## Recorded data
________________________

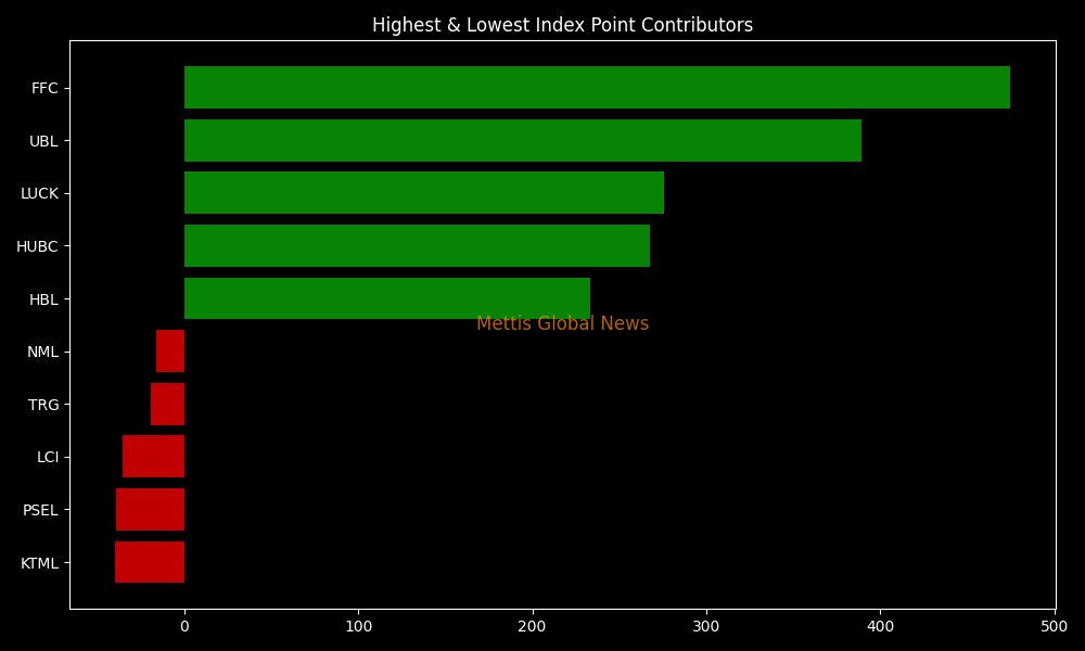 In terms of index-point contribution, major support came from FFC (+474.89pts), UBL (+389.14pts), LUCK (+275.58pts), HUBC (+267.45pts), and HBL (+233.28pts).
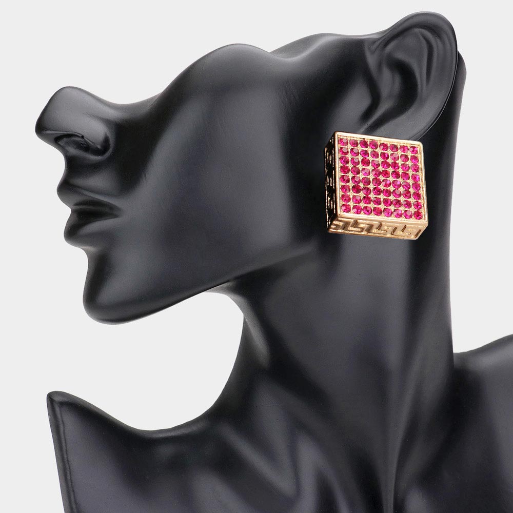 Greek Pattern Detailed Rhinestone Embellished Square Earrings Greek Pattern Detailed Rhinestone Embellished Square Earrings
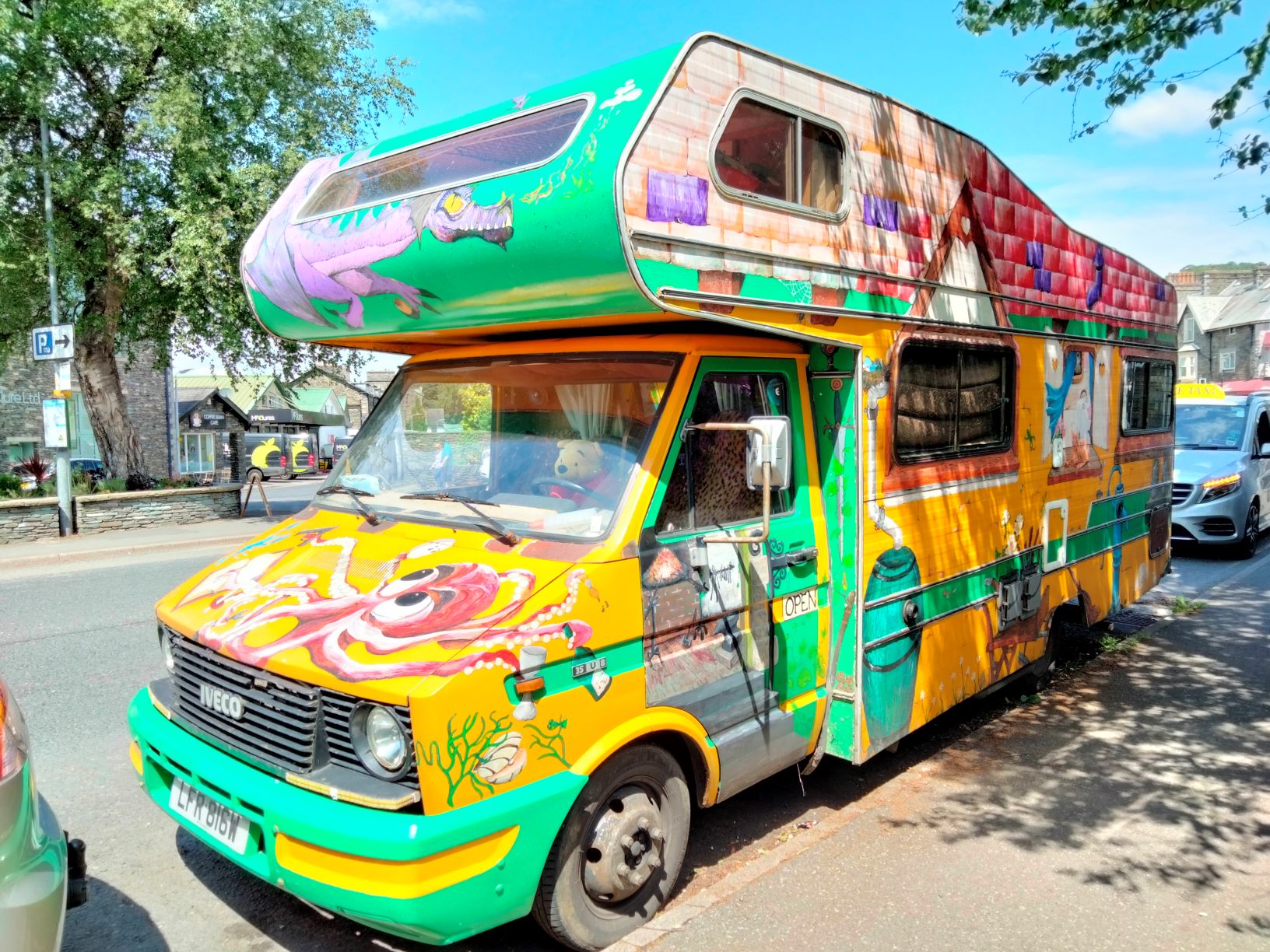 Spotted this funky motorhome in Bowness, note the driver!

________________________

## Aim of the exercise
Everything in the listing is to be returned word for word, except the pictures.

## Result of this task
 In terms of index-point contribution, major support came from FFC (+474.89pts), UBL (+389.14pts), LUCK (+275.58pts), HUBC (+267.45pts), and HBL (+233.28pts).
 Greek Pattern Detailed Rhinestone Embellished Square Earrings Greek Pattern Detailed Rhinestone Embellished Square Earrings
 Spotted this funky motorhome in Bowness, note the driver!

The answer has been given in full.